Dickinson used ordinary experiences like encountering a bee on the prairie to create poems that have nourished  countless readers. She entered the wild to find  her voice.  Such poets and inspiring instructors urged Jean to also “enter the wilderness” that the creative life demands. 

But even that is not the whole answer to the origin of her poetry.

Jean found her true voice in family stories, better still, family secrets, one of which she learned about for the first time the day after her father’s death:  the suicide of her grandmother in the Russia,  a source of “sorrow and shame.”  

Out of that new awareness came the gripping  poem “These words are for  you, grandmother.”

I remember visiting with Wiebe family members shortly after this poem was read publicly and they were forced to deal with this secret now in the open.  The discussion at the family gathering was intense. Why bring this suicide up now when this shame had lain buried for some sixty or more years, probably in a grave outside the fence, as it was the custom decades ago. Suicides had no place in the graveyard proper. 

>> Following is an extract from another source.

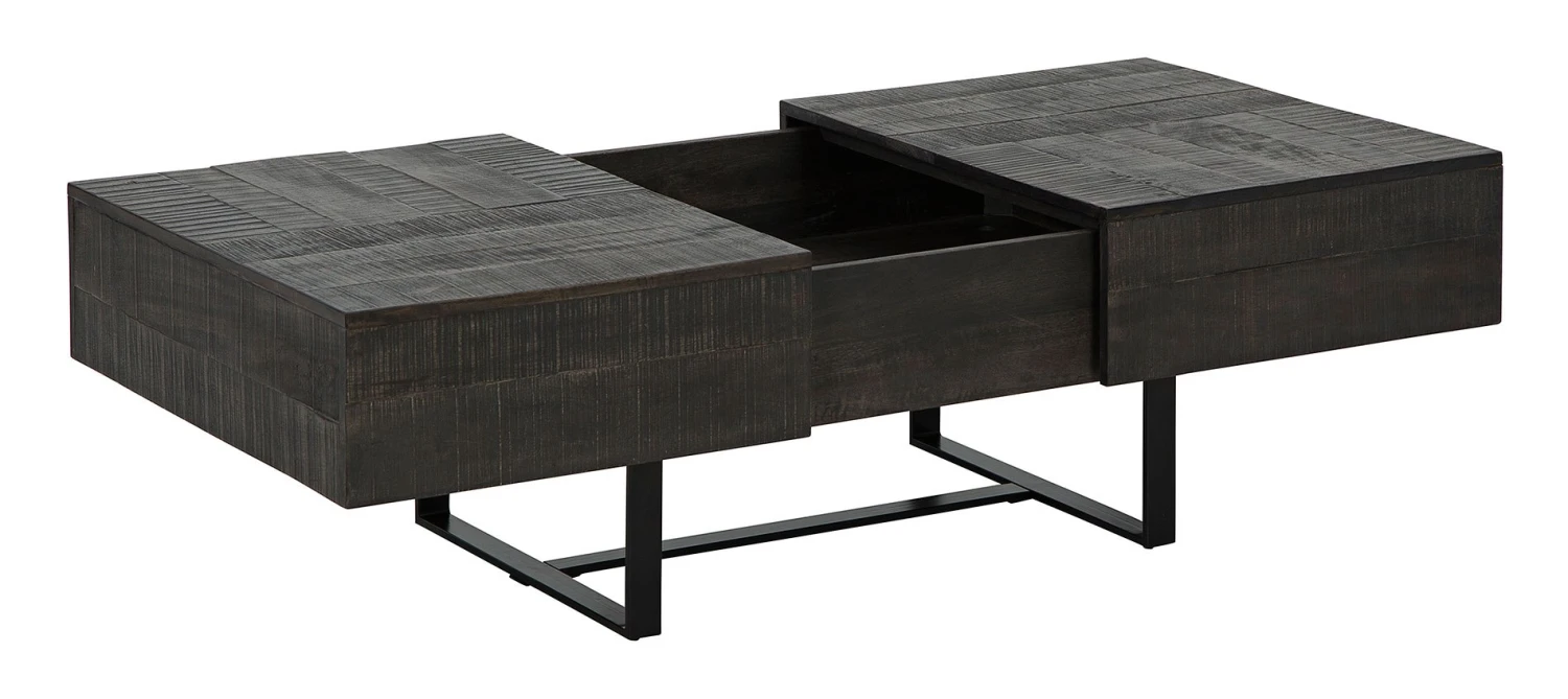 - OverviewThis Kevmart Coffee Table by Signature Design has a mixed-material look that seamlessly slips into any contemporary scene. Its planked top, with a saw mark effect and grayish brown glaze, impresses with its raw beauty. A sleek black metal base provides visual balance. The table’s top sides open to reveal a large compartment, granting you subtle storage and superior style all in one.

Yet Jean dug even  deeper into family stories,  visiting  the former USSR to meet with uncles and families to hear their painful stories of flight, forced labor, death by starvation, and much more during the Stalinist era.   

Her poetry comes out of  the “roar and silences” of life, she writes.  She holds stories of such times  in her memory and entrusts them to her words for others to savor. Her words are always picked with love, tenderness, and precision.   

Poetry is meant to be read and reread.  I keep thinking of the fast forward trend toward e-books.  Yet how can I hold an e-reader in my hands and turn again and again to poems I cherish to look for underlined phrasesBooks of poetry, like Jean Janzen’s, are meant to line shelves.  I want them to be there, always, with  personal penned  dedication to me, not in an  impersonal  hard, metallic  e-reader.